Dolly Parton is one of the most important musicians in recent decades.
Yes, she is a country star through and through, but her influence doesn’t start and stop at country music. The way that she can craft songs, the melodies that she plays with and her ability as a writer are so infectious that her bootprint has made a stamp on music that isn’t going anywhere.
Her writing ability is second to none. She can craft narratives in her music that tell stories reserved for the silver screen. There is so much emotion packed into everything she writes that one of her hits, ‘I Will Always Love You’, was used for one of the pivotal scenes in the 1992 film The Bodyguard.
Meanwhile, other hit tracks of hers, such as ‘Jolene’ and ‘9 to 5’, use their words incredibly well. While there is a rhythm there which would be impossible to escape no matter what the song’s subject matter, the way Parton can talk about working life and pining for a lover is so timeless that the stories contained within her music live on to this day.
While she may be revered for her ability to paint a picture with words, her powers of description have also occasionally landed the country singer in hot water.
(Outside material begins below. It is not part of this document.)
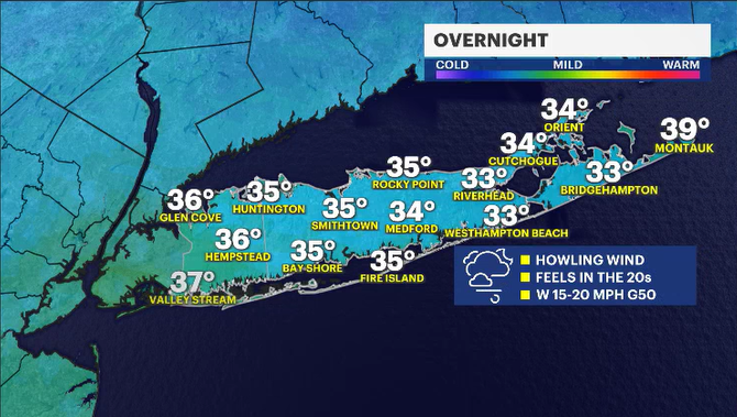 OVERNIGHT: Partly cloudy, windy, and very cold. Wind gusts range from 30 to 50 mph and feel-like temps in the 20s. Lows in the 30s.

In 1969, Parton released ‘Down from Dover’ from her album The Fairest of Them All, a song that was controversially received.
“You were trash and a whore, and your daddy and mama wouldn’t let you come home, so you’d have to go to some home for unwed mothers, or a relative would take you in.” Upset by these circumstances, Parton wrote a piece that spoke about these women who were turned away from their homes, and a story began to form as she did, “I’m touched by everything, and that used to bother me: how cruel and awful must that be, how lonely they must feel. That was great fodder for a song: it came to me as a story, like writing a movie.”
The sad picture Parton painted with the track was too much for some people, though, as it got banned by radio stations. Parton recalled the incident in a separate interview, saying how happy she is that female musicians can be more open in their music today. “They wouldn’t play that on the radio. And a few of the other songs I had a little trouble with,” she said, “I think it’s a new day and age, and people are getting away with a lot more now, which is good.”
Being a great songwriter isn’t all it’s cracked up to be. Sometimes, like Dolly Parton, you can be so good and tell a story so well through music that if anyone deems it to be remotely controversial, which the subject matter in ‘Down from Dover’ was in the 1960s, then it won’t get played.